DB2 – Handling Multiple Rows with Same Value

db2db2-zos

This is my first time posting in stackexchange, and I hope I did my due diligence for this question. I'm working on a problem that I just can't seem to wrap my head around. Consider this scenario of a chain of electronics stores, where day-to-day transactions are recorded in a database:

Table Structure

----------------------------------------------
| daily_sales_records                        |
----------------------------------------------
| store_id |    date    |product_code| sales |
|     1    | 2019-01-01 |    001     |  0.0  |
|     1    | 2019-01-01 |    002     |  0.0  |
|     1    | 2019-01-01 |    003     |  0.0  |
|     1    | 2019-01-01 |    004     |  0.0  |
|          |            |            |       |
|     2    | 2019-01-01 |    001     |  0.0  |
|     2    | 2019-01-01 |    002     | 25.5  |
|     2    | 2019-01-01 |    003     | 12.0  |
|     2    | 2019-01-01 |    004     |  0.0  |
|          |            |            |       |
|     3    | 2019-01-01 |    001     |  0.0  |
|     3    | 2019-01-01 |    002     |  0.0  |
|     3    | 2019-01-01 |    003     |  0.0  |
|     3    | 2019-01-01 |    004     |  1.0  |
|          |            |            |       |
|     1    | 2019-01-02 |    001     |  0.0  |
|     1    | 2019-01-02 |    002     |  0.0  |
|     1    | 2019-01-02 |    003     |  1.0  |
|     1    | 2019-01-02 |    004     |  3.0  |
|                   ......                   |
|     1    | 2019-01-03 |    001     |  0.0  |
|     1    | 2019-01-03 |    002     |  0.0  |
|     1    | 2019-01-03 |    003     |  0.0  |
|     1    | 2019-01-03 |    004     |  7.0  |
----------------------------------------------

(not shown: primary key, which would be the timestamp for each entry)

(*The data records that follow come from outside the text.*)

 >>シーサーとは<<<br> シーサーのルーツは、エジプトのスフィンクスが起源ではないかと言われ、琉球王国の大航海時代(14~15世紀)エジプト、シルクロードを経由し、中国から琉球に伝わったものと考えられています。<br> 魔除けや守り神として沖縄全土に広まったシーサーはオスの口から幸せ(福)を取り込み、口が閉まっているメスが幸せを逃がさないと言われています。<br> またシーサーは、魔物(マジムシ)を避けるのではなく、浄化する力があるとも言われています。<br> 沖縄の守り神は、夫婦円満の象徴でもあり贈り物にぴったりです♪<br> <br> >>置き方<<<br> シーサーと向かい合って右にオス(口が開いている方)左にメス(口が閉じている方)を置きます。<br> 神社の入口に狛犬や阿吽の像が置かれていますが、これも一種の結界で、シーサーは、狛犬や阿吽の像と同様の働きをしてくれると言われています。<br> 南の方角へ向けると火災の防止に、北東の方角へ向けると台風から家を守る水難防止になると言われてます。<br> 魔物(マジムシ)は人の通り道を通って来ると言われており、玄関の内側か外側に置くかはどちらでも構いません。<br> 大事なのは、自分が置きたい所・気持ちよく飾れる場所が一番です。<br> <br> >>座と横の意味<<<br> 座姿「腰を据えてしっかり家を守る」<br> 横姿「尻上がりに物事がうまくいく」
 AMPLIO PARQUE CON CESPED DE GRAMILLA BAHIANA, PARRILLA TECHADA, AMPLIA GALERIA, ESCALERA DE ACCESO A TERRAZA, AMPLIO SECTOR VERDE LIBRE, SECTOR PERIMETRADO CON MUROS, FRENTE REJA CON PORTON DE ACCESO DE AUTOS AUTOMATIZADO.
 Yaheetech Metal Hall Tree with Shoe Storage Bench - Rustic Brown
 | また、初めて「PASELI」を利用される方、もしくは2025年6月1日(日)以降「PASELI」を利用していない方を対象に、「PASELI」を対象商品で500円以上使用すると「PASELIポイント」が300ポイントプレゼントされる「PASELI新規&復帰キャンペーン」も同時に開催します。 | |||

Given this scenario, I am looking to retrieve all stores records with no sales of product codes 001, 002, 003 within that day, along with the dates when those occurred.

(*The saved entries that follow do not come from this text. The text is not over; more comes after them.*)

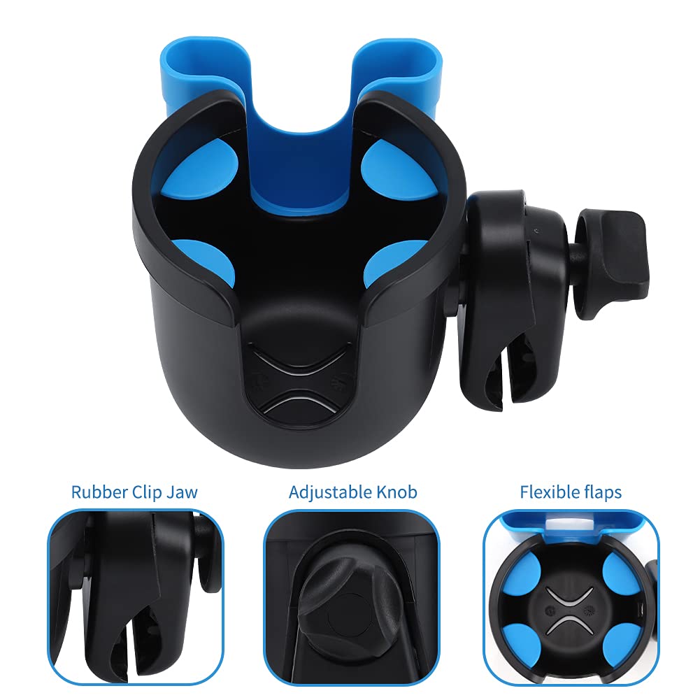 Easy to Use: This stroller cup holder attachment is made of durable materials. The ABS plastic and slip resistant rubber ensure the bottle keep steady even on the rough road. It is a "clip on" cup holder, you just need to clamp on anywhere you like. Easy to install or remove.
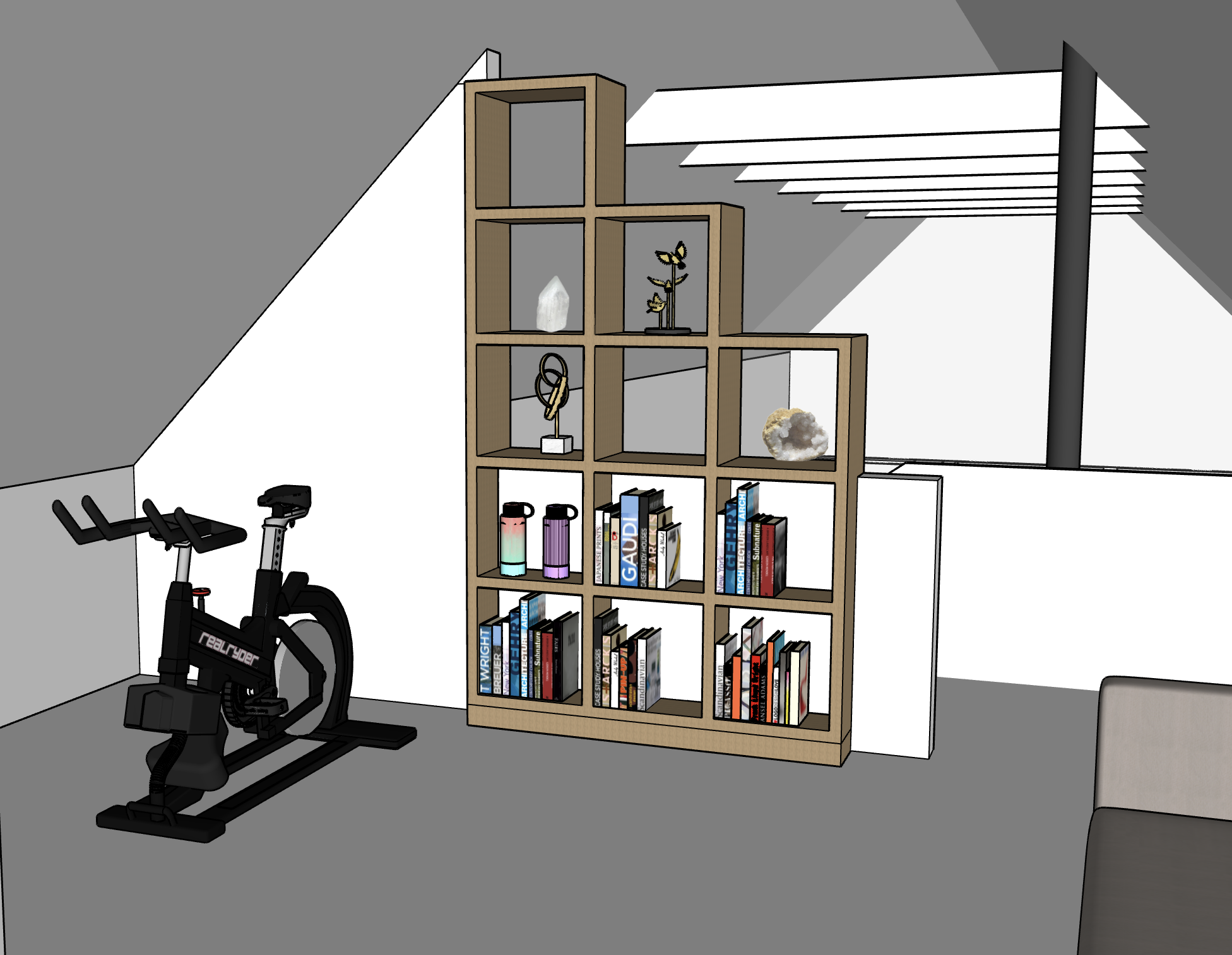 floors are white oak all walls are painted white no skylights on left side stovepipe is black valted ceiling
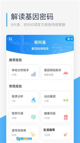包含祖源分析、健康风险、营养代谢、运动基因等10个大类的内容,细化出超过500项具体报告,从各个方面满足用户对基因信息的探索需求。

Given the table above, the ideal output would be something like:

----------------------------------------------
| store_id |    date    |product_code| sales |
|     1    | 2019-01-01 |    001     |  0.0  |
|     1    | 2019-01-01 |    002     |  0.0  |
|     1    | 2019-01-01 |    003     |  0.0  |
|          |            |            |       |
|     3    | 2019-01-01 |    001     |  0.0  |
|     3    | 2019-01-01 |    002     |  0.0  |
|     3    | 2019-01-01 |    003     |  0.0  |
|          |            |            |       |
|     1    | 2019-01-03 |    001     |  0.0  |
|     1    | 2019-01-03 |    002     |  0.0  |
|     1    | 2019-01-03 |    003     |  0.0  |
----------------------------------------------

(Store ID 2 is excluded on 2019-01-01 because there were sales for products 002 and 003, while store 1 was excluded on 2019-01-02 because there was a sale for product 003)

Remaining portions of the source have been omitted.